UnDomestic

Writings of a teachermom, choosing to stay home with her kids, while loathing all domestic responsibilities! In late Aug. 2008, I was diagnosed with Triple Negative breast cancer. After surgery, chemo and radiation, I was given theall clear. However, in the late summer of 2008, I was diagnosed with a brain tumor, which metasticized to other areas.

Wednesday, February 28, 2007

Toilet Talk

I didn’t want to write about this too soon, for fear that I would jinx it…but I think we’re almost there….so I feel okay about proclaiming that Max is almost potty trained!

The journey has not been hard, just interesting. I’ve been putting him on the toilet for a few months. And he would pee no problem. But he would never poop. Insisting that it hurt. And even when I “caught” him in the act and put him on the toilet, he would stop immediately and wait until his diaper was back on.


Finally one day, knowing he had to poop, I just let him walk around the kitchen with no pants or diaper, until he couldn’t wait any longer and had no choice but to go in the toilet (well, I guess his other choice was to go on the floor, but he knew better). And he did it! And he finally realized that it didn’t hurt!

So I just put the underwear on him. And unless he’s going to sleep, or we’re going someplace where there’s no toilet, in which cases we use pull-ups, then he’s sporting his Diego undies! (He would probably prefer pink Dora ones, but we won't go there).

Here are some toilet talk tidbits from the past two weeks:

As he was sitting on the toilet, not able to go: “Mommy, it’s not working!”

The first few times he climbed up on the toilet to pee, he ended up peeing straight out of the toilet, so I always had to remind him to hold his penis down.

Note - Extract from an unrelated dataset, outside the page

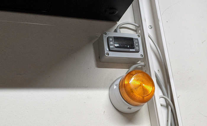 Unter den beiden Netzwerkschränken im Lager ist etwas neues gewachsen: Eine Temperaturanzeige und eine Blitzlampe, die im Falle einer zu hohen Temperatur in den beiden Räumen auf das Problem aufmerksam machen soll.

One time I was using the bathroom, and he said to me, “Mommy, don’t forget to push your penis down!” To which I had to chuckle that I didn’t have a penis. He responded yelling, “Let me see! Let me see!” A couple days later he was changing the diaper of one of Ella’s dolls and I heard him say to her, “You don’t have a penis!”

One day he was on the toilet for a while. I asked him, “Max? How many poopies do you have?” He took this as a literal question and his response was to slide off the toilet and start counting.

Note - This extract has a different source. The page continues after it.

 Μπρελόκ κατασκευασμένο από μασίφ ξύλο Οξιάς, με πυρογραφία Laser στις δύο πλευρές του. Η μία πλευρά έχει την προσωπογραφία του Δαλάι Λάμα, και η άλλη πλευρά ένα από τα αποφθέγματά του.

One time he was looking at his poop and said, “Ew, that one looks like a snake. And the other one looks like broccoli!”

Although I am thrilled about being able to do away with the diaper expense, there is one little snaffu in our excitement. Max has figured out how to use his toilet training as a bedtime stalling technique. Last night, after I thought he was in bed sound asleep, I discovered him standing at the top of the stairs, completely naked. "Mommy! I did potty. I need a new pull-up." About 20 minutes later, he came out the exact same way. And about 15 minutes after that he came out again (except still clothed this time), proclaiming his need to use the potty again.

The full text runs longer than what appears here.